> **Assignment**:
Copy all lines below containing "lives".

> **Stored records**:
-.-.-
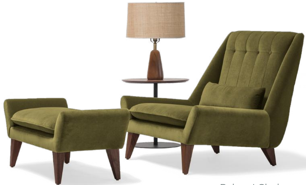
Palms I Chair
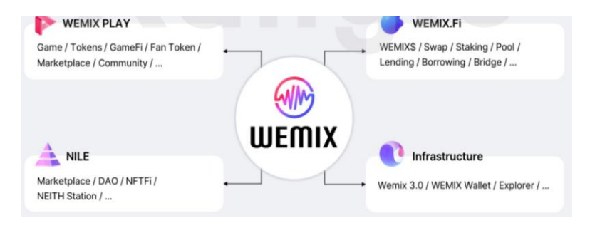
Figure 5. Wemade's Wemix ecosystem

Wemade unveiled the potential of BC game very proactively and thanks to the success of "Mir 4 Global," it has secured large users. In October 2022, it released its own mainnet, "Wemix 3.0" on layer 1 which is expected to expand the ecosystem through three major platforms like blockchain game platform 'WemixPlay', 'NILE' that can create and manage 'decentralized autonomous organizations (DAOs)', and 'Wemix.Fi' that can be used for Defi service based on the infrastructure of 'Wemix3.0'. Figure 5 shows the Wemix ecosystem. As of July 2023, WemixPlay has operated ca. 30 games, Wemix.Fi offered services like stablecoin (Wemix Dollars), swap, staking, and lending. 'NFT Is Life Evolution (NILE)', a NFT platform, provides joint investment and NFTi services using marketplace and DAO [12]. The reason why Wemade launched its own chain is primarily to maximize the value that occurs across the blockchain. With the introduction of Wemixchain, WemixPlay, WemixFi, and WimixDollar, Wemix will be able to directly operate and expand the value chain throughout the BC ecosystem.
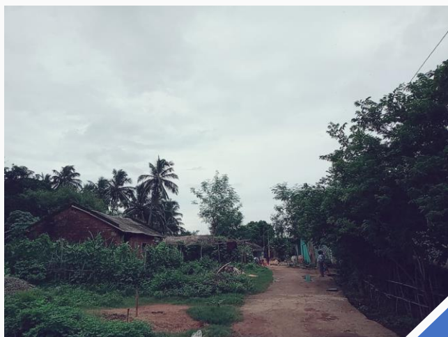
(L) The dense forests around Nathapur; (R) A portrait of Nathapur village

The Kondh Adivasi community of Nathapur village in Nayagarh district have been protecting the Tangi range forests for several decades. In fact, in the Ranpur block, women have had a long tradition going back to as many as 40 years of conserving forests. Despite this, their CFR rights have not been legally recognised. Nathapur villagers had realized the importance of forest and the role played by them in their lives early on, before the current climate crisis was apparent to many.
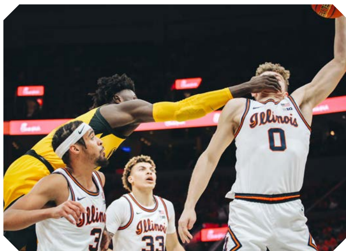
Madeline Carter blocked the competition to pull down a first place win for the Columbia Daily Tribune in Best Sports Photograph for medium dailies.
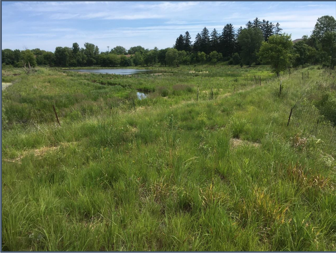
Long Lake Creek Wetland Restoration, June 27

The Long Lake Creek Wetland Restoration is in its third year of warranty maintenance. Native vegetation is establishing well, and hybrid cattail and reed canary grass, invasive plants that were once dominant on the site, were reduced during construction and are only minimally present now due to management efforts. Buckthorn has been eliminated from the site and neighboring residential properties to protect the investment the District made in establishing native trees and shrubs on the site. The remeandered streambank is stabilized with native plants, and the entire site has withstood heavy spring and summer rains with no damage.
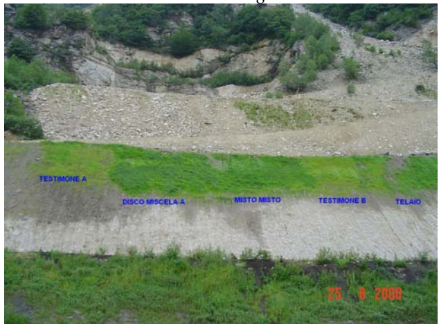
Figura 3.a: "Cava del Tiglio" Loc. Pra del Torno, in Rorà Village (TO), in this area it was used a "artificial loam" (mix A, C and D) compared to natural soil. The rehabilitation at the bottom is realized using only compost from ACEA (June 2008)
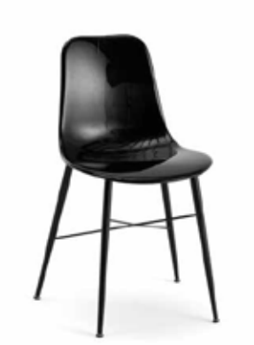
8073 INNA Metal frame with natural beech, plastic shell.
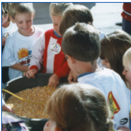
Franklin FFA Chapter, Nebraska
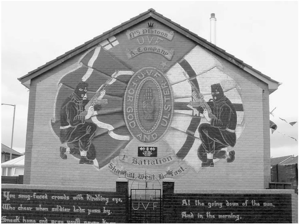
Figure 5.1. UVF mural in West Belfast, a typical paramilitary representation.

Rolston (1992) describes the expressive character of murals: “Through their murals both loyalists and republicans parade their ideologies publicly. The murals act, therefore, as a sort of barometer of political ideology. Not only do they articulate what republicanism or loyalism stands for in general, but, manifestly or otherwise, they reveal the current status of each of these political beliefs” (27). Murals exhibit political ideology, and in the case of Northern Ireland’s loyalists, the decline and resurgence of mural painting as well as its content have reflected the broad outlines of the unionist and loyalist psyche. This, incidentally, is not to say that all residents of loyalist neighborhoods appreciate or condone paramilitary activity or the murals that valorize them and mark territory. In fact, murals are often placed without the consent of local residents under an unspoken threat of intimidation that ensures paramilitary organizations can claim territory as they see fit through the placement of murals. Nonetheless, Neil Jarman argues that murals have not just reflected but have promoted solidarity in both loyalist and republican
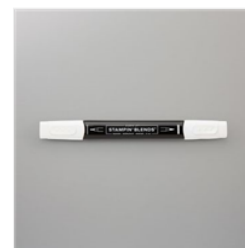
Stampin' Blends Color Lifter - 144608
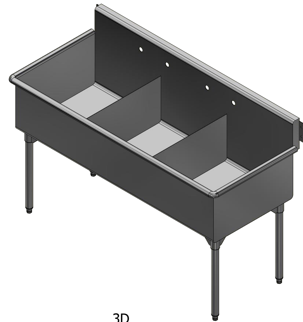
3D SCALE 1/12
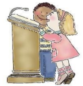
Children's Liturgy of the Word
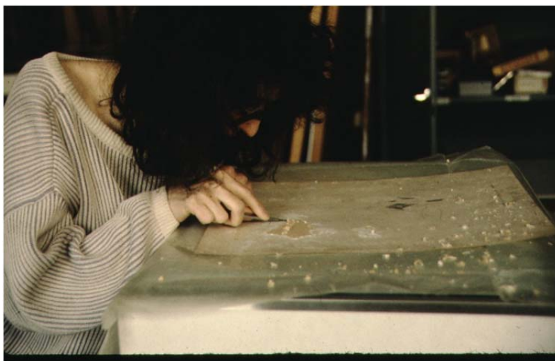
Conservator from Cranmer Art Conservation removing the mount from Erased de Kooning Drawing
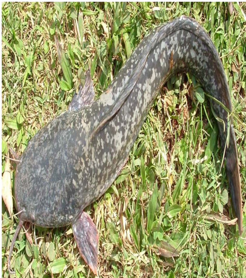
FIG 2: Pictorial Presentation of Clarias gariepinus
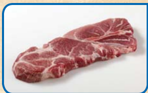
Shoulder Steak; bone-in
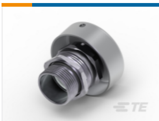
TE Part #T3900250250-000 M25X1.5 VA-25-LM
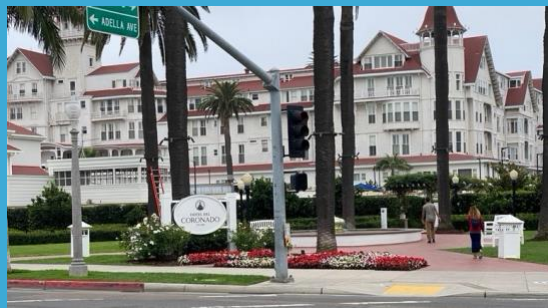
View of Del from Orange Avenue
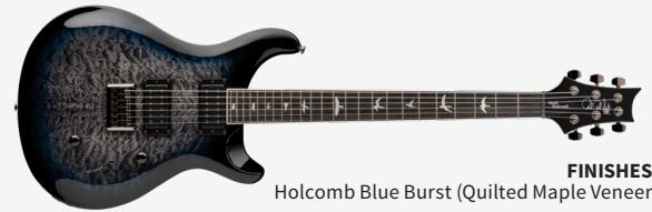
FINISHES: Holcomb Blue Burst (Quilted Maple Veneer)
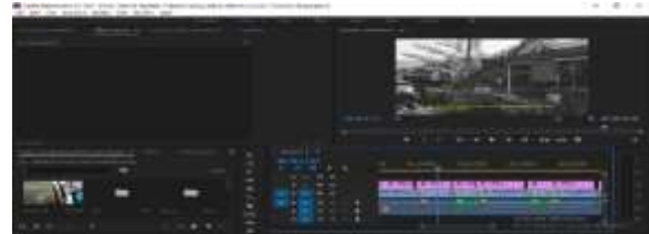
Figure 21. Sixth Source Identity

In this documentation image, the author takes photos at the location of the interviewees when the fifth source is conducting interviews questions asked on an online video call.
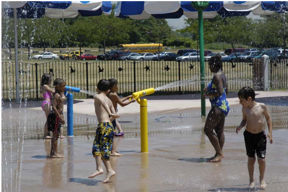
Lighthouse Park Splash Pad.

In addition, general repairs and replacements were done to various park fences.
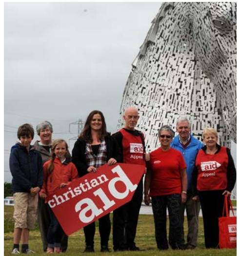
The Kelpies Canter – one of three new Christian Aid Scotland events.

In 2017, we'll continue to live, act and pray 'another way' until it impacts not just our giving but our daily lives. Keep an eye on our website for how you can get involved.
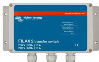
Filax 2: ultrafast transfer switch
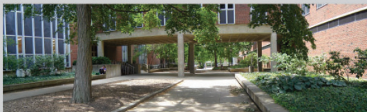
Burrill / Morrill / Medical Sciences Corridor
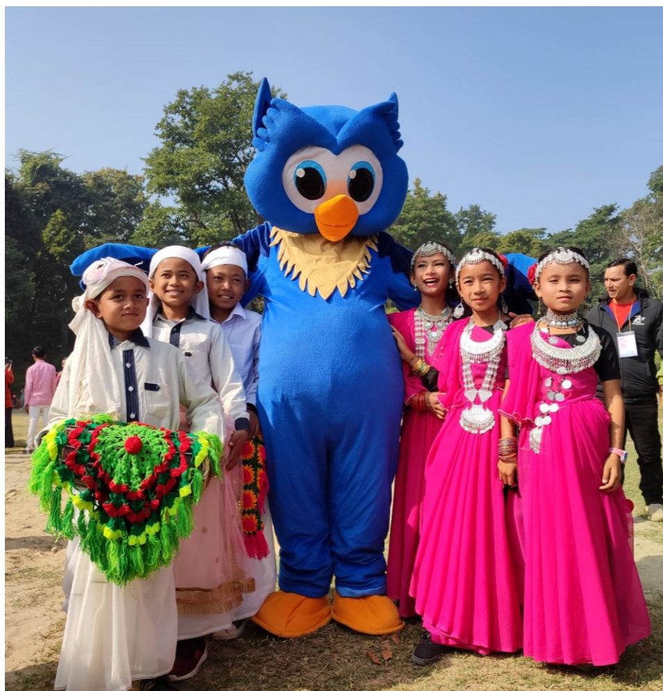
Owl mascot with local children

Calendar was marked for February 3 rd and 4 th 2023, and the venue for tenth Nepal Owl Festival was Maghi Village Homestay, Ghodaghodi Bird Sanctuary, Kailali. The festival is fusion of conservation, local culture, and traditional games. With the main objective of generating awareness among general public, the festival was organized in Nava Prabhat Basic School. The festival was attended by around 5500 local, students, researchers, and conservationists from different countries. The festival was also successful in raising awareness among 1904 students through conservation camps held at their school. Local tradition and culture, cuisines, games, art and crafts were seen to engage lots of visitors and the festival was seen effective to deliver conservation messages and ecological roles of owls.
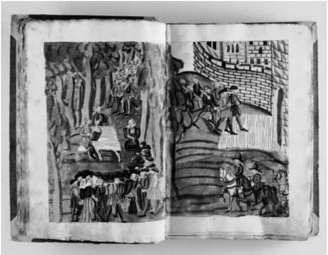
The disbanding of a nocturnal Anabaptist assembly near Altstetten ZH 1574
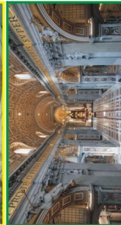
Inside The Vatican
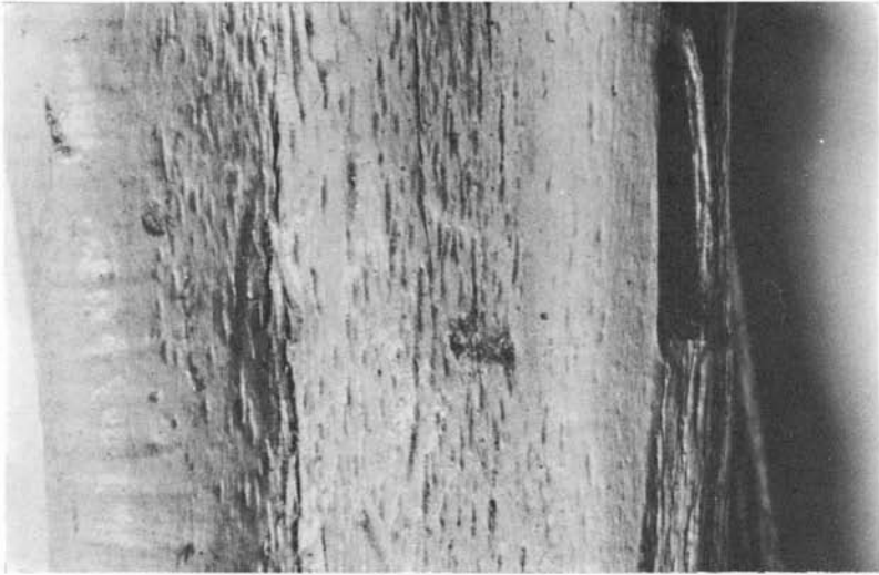
FIGURE 1. Stem pitting on the Rough lemon rootstock of a Pera sweet orange tree.

1954. Half of these varieties were imported selections, and the remainder were old-line selections previously grown at the Station. Each of the varieties was worked on 2 plants of each of the following rootstocks: Cleopatra, Rough lemon, Rangpur lime, and common sweet orange. Each year from 1961 to 1965, a strip of bark was removed from each of the orange trees at the bud-union. The bark and the exposed wood were examined for stem pitting.
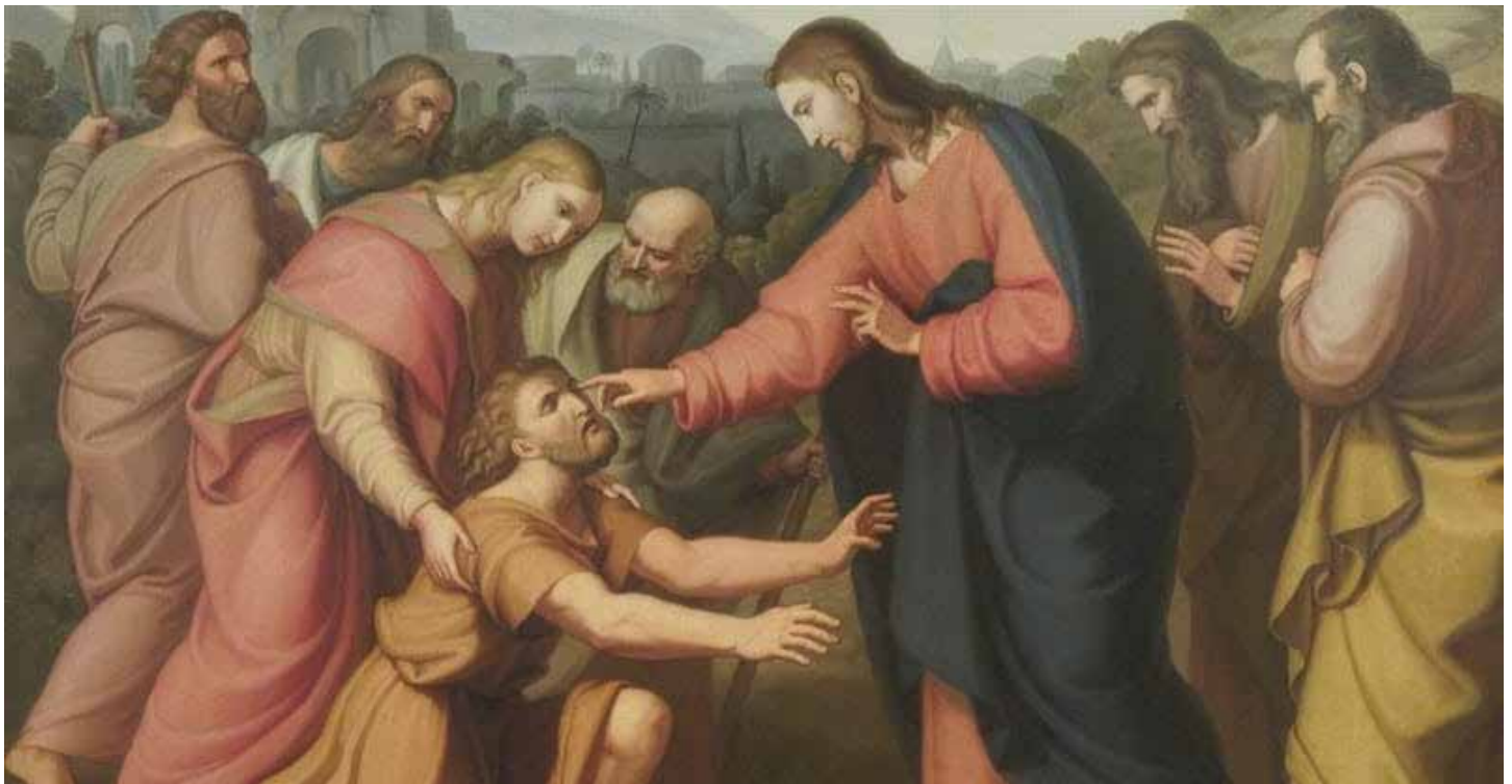
Painting: Václav Mánes - Healing the Blind Man (1832)
-.-.-
> **Written response**:
The Kondh Adivasi community of Nathapur village in Nayagarh district have been protecting the Tangi range forests for several decades. In fact, in the Ranpur block, women have had a long tradition going back to as many as 40 years of conserving forests. Despite this, their CFR rights have not been legally recognised. Nathapur villagers had realized the importance of forest and the role played by them in their lives early on, before the current climate crisis was apparent to many.
In 2017, we'll continue to live, act and pray 'another way' until it impacts not just our giving but our daily lives. Keep an eye on our website for how you can get involved.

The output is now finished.